Fitch did not respond to a request for comment.
Mount said she informed Fitch and Frank that she used OHLEG improperly a month prior to her indictment. She gave the Independent a text message she apparently sent to both Fitch and Frank on Sept. 7, 2022, in which she said she wanted “to come clean” to them both “personally” for using OHLEG “a couple of times after a couple friends asked me to look up their driver status for them.”
Mount added, “It was something I did without thinking” and described the incidents as “obviously a couple dumbass moments.”
Mount was indicted on Oct. 17, 2022. She said she continued working until resigning from her position as clerk on Dec. 20, 2022.
Blackburn said the prosecutor’s office spoke with Frank, Fitch (who resigned in November), Nelsonville City Council President Tony Dunfee and other city officials regarding concerns about Mount’s continued employment by the city following her indictment. (Blackburn and Dunfee are brothers-in-law.)
“It’d be inappropriate for someone to be working in that job with those allegations,” Blackburn said.
Jay Barrett, chief investigator with the prosecutor’s office, said he spoke with Frank directly regarding Mount’s employment.
“I was concerned with her still being active there and working there,” Barrett said. “I talked with Scott briefly in passing about my concerns with her still working there — and not being on administrative leave or something — until the case was taken care of one way or the other.”

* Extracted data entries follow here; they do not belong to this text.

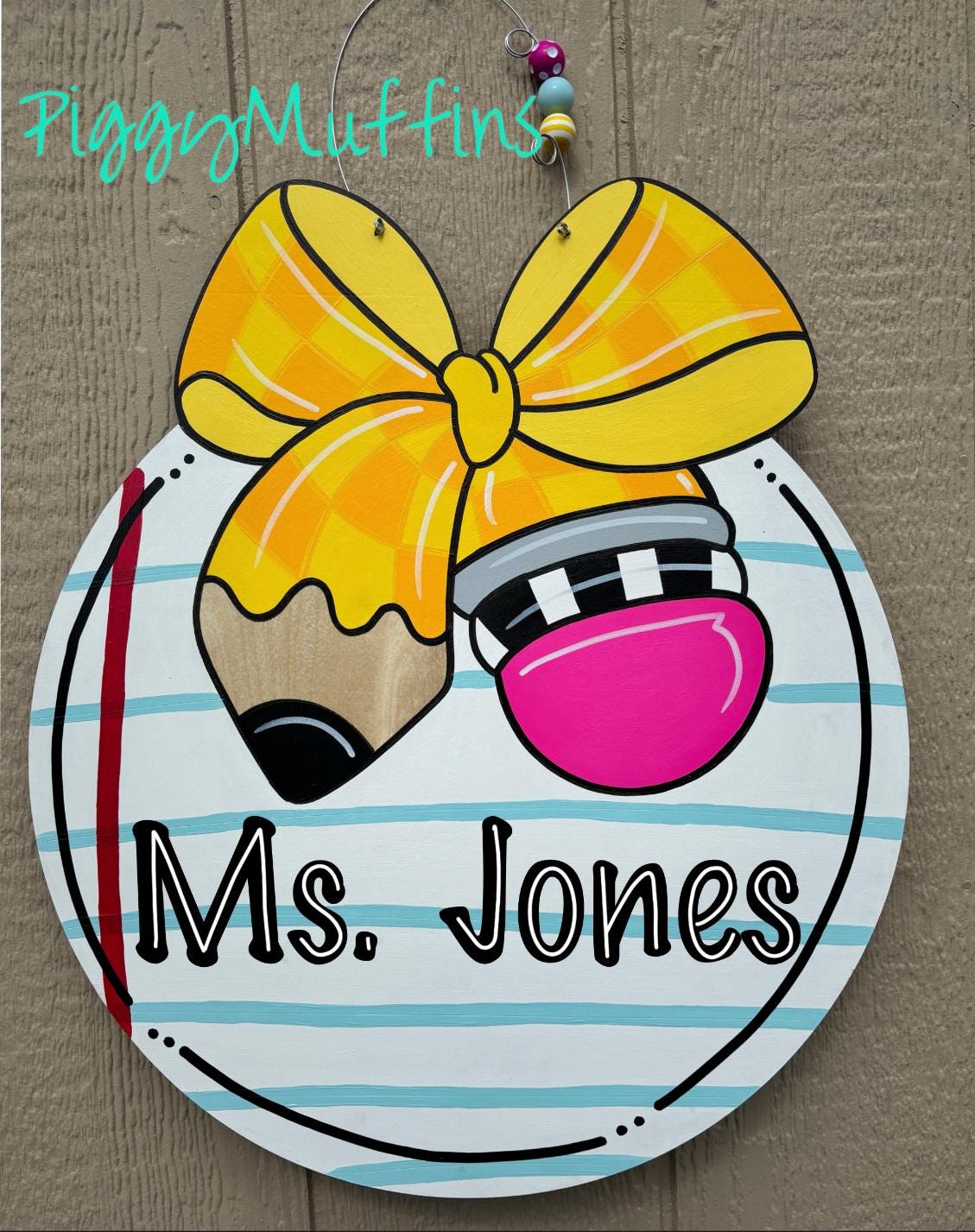 The adorable pencil bow door hanger by PiggyMuffins is the perfect way to welcome your students and guests to your classroom this school year! This teacher door hanger is laser cut out of 1/4 inch board and painted with acrylic paint. It is sealed with a clear protective coating that prevents chipping, peeling, fading, or yellowing. It includes a sturdy wire hanger and coordinating beads and is ready to hang when delivered. A coordinating bow can be added to this pencil door hanger for an additional charge by choosing the "With Bow" option at checkout.
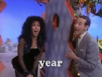 After a break, Pee-wee shows us his next guests - Frankie Avalon and Annette Funicello, making Christmas cards by stamping many Christmas trees and candy canes on them. Pee-wee commands them to make 500 of them before sundown. Next, Pee-wee sees Cher decorating Conky like a Christmas tree. It reminds Pee-wee that he forgot to get today's secret word, so Conky displays it - year. After he explains the secret word rules, he asks Cher how she likes Christmas so far. Cher: "Christmas is my favorite time of year". Everyone screams.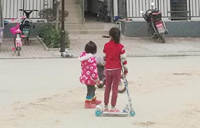 Amid the green vegetation on the outskirts of a small town in the Guangxi Zhuang autonomous region, a dirt track leads to a village in a valley, molded in karst landscape.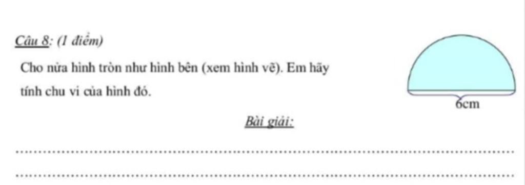 Chu vi nửa hình tròn là: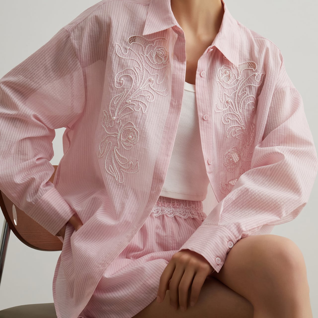 ソフトなピンクの生地に、胸元の繊細な刺繍がアクセントになったシャツ。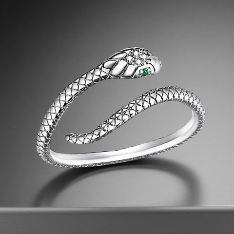 This elegant adjustable snake ring is crafted from sterling silver and showcases vivid emerald green crystal eyes for a striking effect. Available in gold, rose gold, and silver finishes, it wraps gracefully around the finger. A unique and stylish accessory, it’s perfect for adding a touch of edge and charm to any outfit.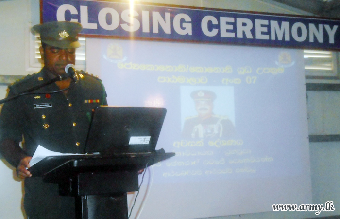The certificate awarding ceremony to Other Rankers who followed the Course on Tactics - No. 7 at Maduruoya Army Training School (ATS) concluded on Tuesday (2).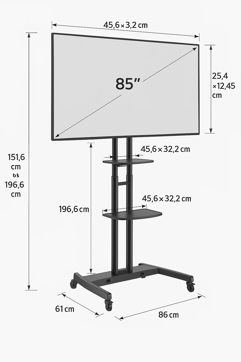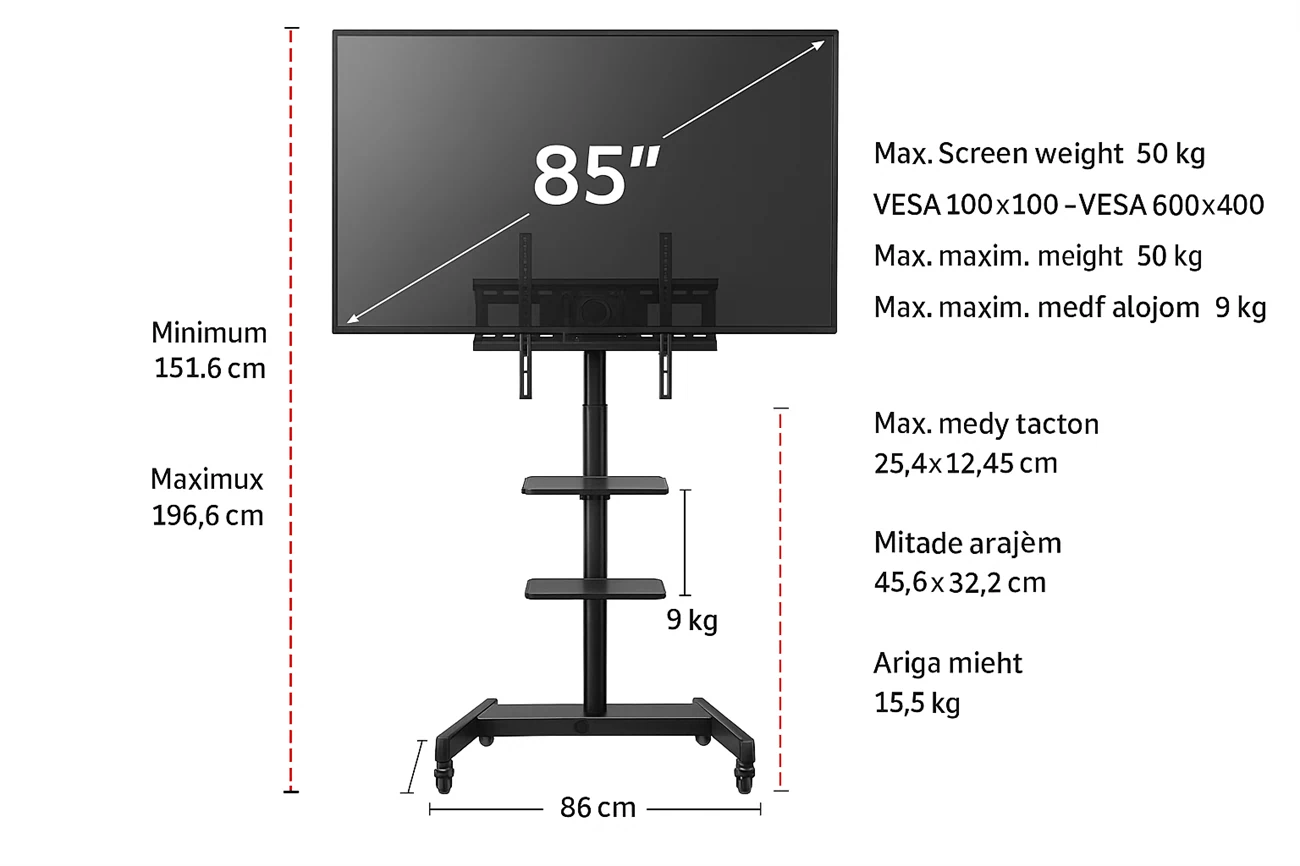 מעמד בטיחותי עם גלגלים לכל מסך עד 75 אינץ'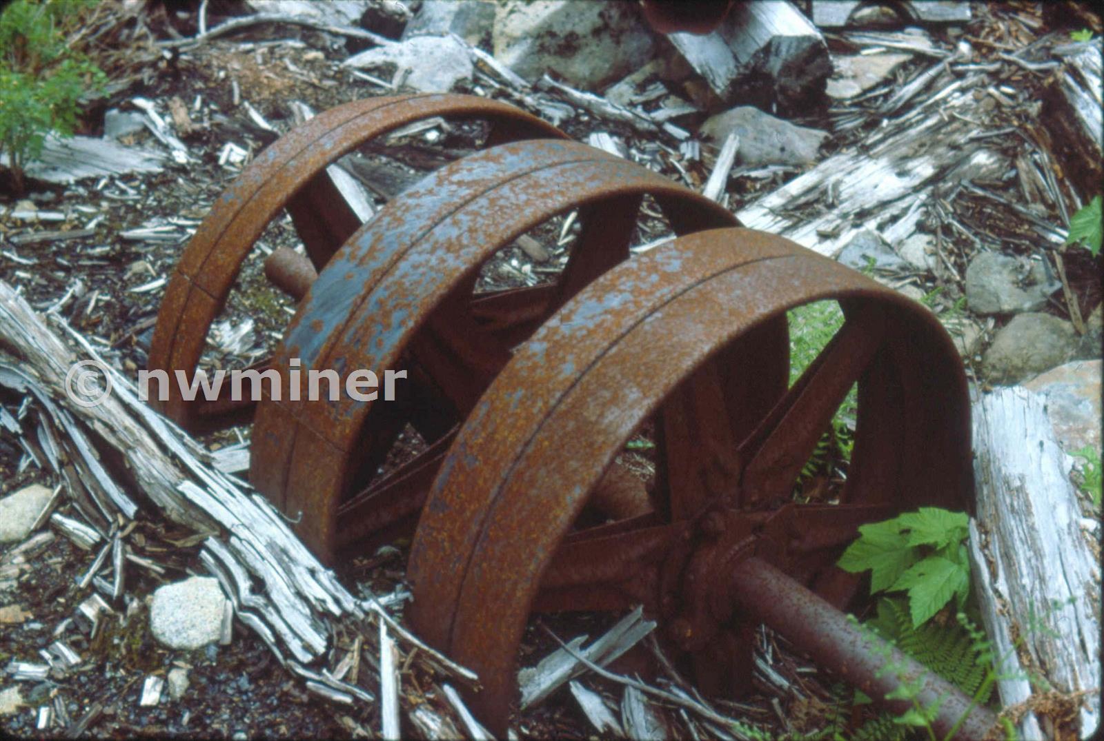 Shaft, pulley wheels in mill ruins - photo 1982.

Frank said he was unaware of Mount’s October indictment even after his conversation with Barrett, which he said took place in early December. He learned Mount had been indicted two weeks later, he said, when Dunfee “asked me if I knew about her previous court date and I said no. As far as I knew the investigation was still ongoing.”
Frank said, at that time, Dunfee directed him to terminate Mount’s employment. He said he gave her the option to resign after seeking advice from city attorney Bob Toy.
“I immediately attempted to contact her, however she was on vacation and unreachable until she came in on the 20th, at which point she resigned,” Frank said. “Additionally, I looked up her court record the same day Dunfee brought it to my attention and that’s when I found out she was indicted.”
He added, “Keller Blackburn to this day has never shared any information with me about Jessica or her case.”
Frank resigned just 17 days after Mount, while reaching his own agreement with the Athens County Prosecutor’s Office. However, Frank said, “There is absolutely no correlation between Jessica Mount’s case and my later decision to resign.”
The prosecutor’s office declined to comment on the record about the details of its agreement with Frank.
Interim Nelsonville City Manager Tracy Galway did not respond to a request for related communications and records by press time. Galway also did not respond to a request for comment.
The plea agreement Mount signed is contingent on her completing the Athens County Empowerment community service diversion program. Court records show that she is required to pay $600 to the program.
In January, the city replaced Mount with Breanna Wilderman, then 19 and a communications officer in Campus Safety at Hocking College.
Additional reporting by Sam Stecklow
NOTE: This story has been updated to reflect additional comments from Scott Frank. Additionally, a previous version of the story said Frank spoke with NPD Chief Scott Fitch regarding concerns about her training; KJ Tracy was chief at the time.